Once you get past the tree in the path, another set of stone steps beckons you further up the hill.
This structure stands at the top of the hill. I am not sure what it’s purpose is, really. It may have been a building that never was built, or maybe at one time there was a roof on those steel beams. This has been in for years, and I’ve never seen it in any form other than from that shown here. And I used to walk this path often, when my kids were teens and we’d come to the river. There is a porta potty tucked in the corner though, so it makes a great stop off spot, if you know what I mean.
A sign clues visitors in as to what this little path is all about and lists a few rules to follow. There is also a map of the trails, which can be accessed by bike or foot in most areas.
This is a better view of the map taken from the sign above.
It appears the orples have caught up with us. They seem to be mastering the steps. Good for them. In the background, there is a bridge crossing some railroad tracks. The gates accessing the foot bridge are locked at night to keep people off of the rocks after dark.

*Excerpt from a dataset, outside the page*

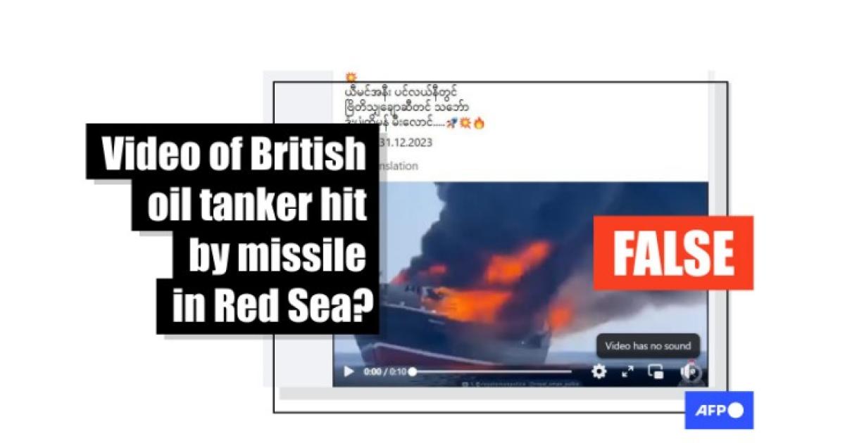 "A British oil tanker was hit by a missile in the Red Sea near Yemen," reads the Burmese-language Facebook post shared on December 31, 2023.

The bridge is caged to prevent people from throwing things over the side onto the train tracks below.
These are some of those trains I was telling you about, parked along the tracks.
And if you keep looking, you’ll see more trains.
Standing on the platform leading to a set of stairs going down, you can look out over the rocks. Not many people have camped out today. It is still early in the year, but as summer progresses, towels are spread out over the rocks, much like you see at the beach.
Looking down from our perch, you can make out the tops of people’s head that have taken the stairs down to ground level. I think we’ll bypass that trip today. Maybe later. For now, a birds-eye view will give you an idea of how far above the ground we are now standing. If I remember correctly, there are five or six flights of steps down to the bottom.
Here’s one more look out over the outer shores of the river (hidden by the trees). Enjoy your view.
This is a better shot of those stairs Olivia and Oscar were descending in our earlier shot, heading toward the river. Now you can really see the porta potty, I was telling you about earlier.
And here is a different perspective on those stairs we crossed awhile ago coming up the hill. I love the way the rock ties in with the elements of nature as though the steps are a natural part of their surroundings.
As we arrive back at the parking lot, it looks as though Olivia and Oscar managed to keep up, after all. They are going to be two tired little orples when they get home, no doubt. That was quite a trek to travel when you’re the size of an orange. My little orple buddies make me proud!